The difference shows up at two levels: what the **application code** does, and what goes **on the wire**. Both matter — application-level sends consume CPU and require connection management; network packets consume bandwidth and router resources.

**Scenario:** 5,000 aircraft publishing positions at 5 Hz (~200 bytes/sample), 20 en-route centers consuming positions.

#### Application-level send/write calls per second

| | Connext DDS | gRPC |
|---|---|---|
| **Per aircraft, per update** | 1 `write()` call — the middleware delivers to all matched readers | 20 `send()` calls — one per connected center stream |
| **System-wide** | 5,000 × 5 = **25,000/s** | 5,000 × 5 × 20 = **500,000/s** |
| **Ratio** | | **20×** |

In gRPC, each center connects to **every** aircraft server regardless of location — there is no way to filter before connecting.
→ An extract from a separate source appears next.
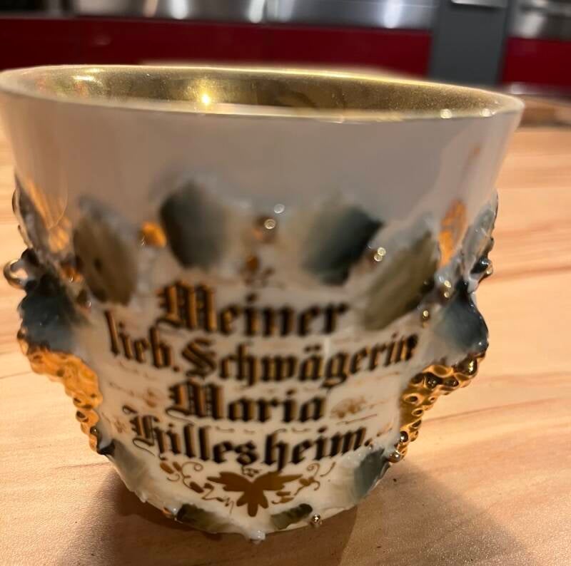 Diese Kombination aus Bildmotiv und persönlicher Beschriftung macht die Tasse zu einem Erinnerungsstück mit familiärer Bedeutung. Die Goldverzierung im Inneren und die geschwungene Henkelgestaltung unterstreichen den festlichen Charakter – vermutlich ein Geschenk zu einem besonderen Anlass wie Verlobung, Hochzeit oder Besuch.

Each stream requires its own `send()` call in the aircraft server.

In DDS, the aircraft calls `write()` once. It doesn't know how many readers exist.

#### Network packets per second (DDS on WAN, no multicast)

Without multicast, the DDS middleware sends a separate packet to each matched reader — but **writer-side content filters** reduce the number of matched readers. Each aircraft is typically in 1 center's region, with 1-2 neighbors having overlapping bounding boxes, so on average ~2.5 centers match per aircraft.

| | Connext DDS (writer-side filtering) | gRPC |
|---|---|---|
| **Matched/connected readers per aircraft** | ~2.5 (only centers whose filter matches) | 20 (every center connects, filters locally) |
| **Network packets/s** | 5,000 × 5 × 2.5 = **62,500** | 5,000 × 5 × 20 = **500,000** |
| **Ratio** | | **8×** |

The 8× network difference comes entirely from writer-side filtering eliminating ~87% of the sends that gRPC must make because it cannot filter before connecting.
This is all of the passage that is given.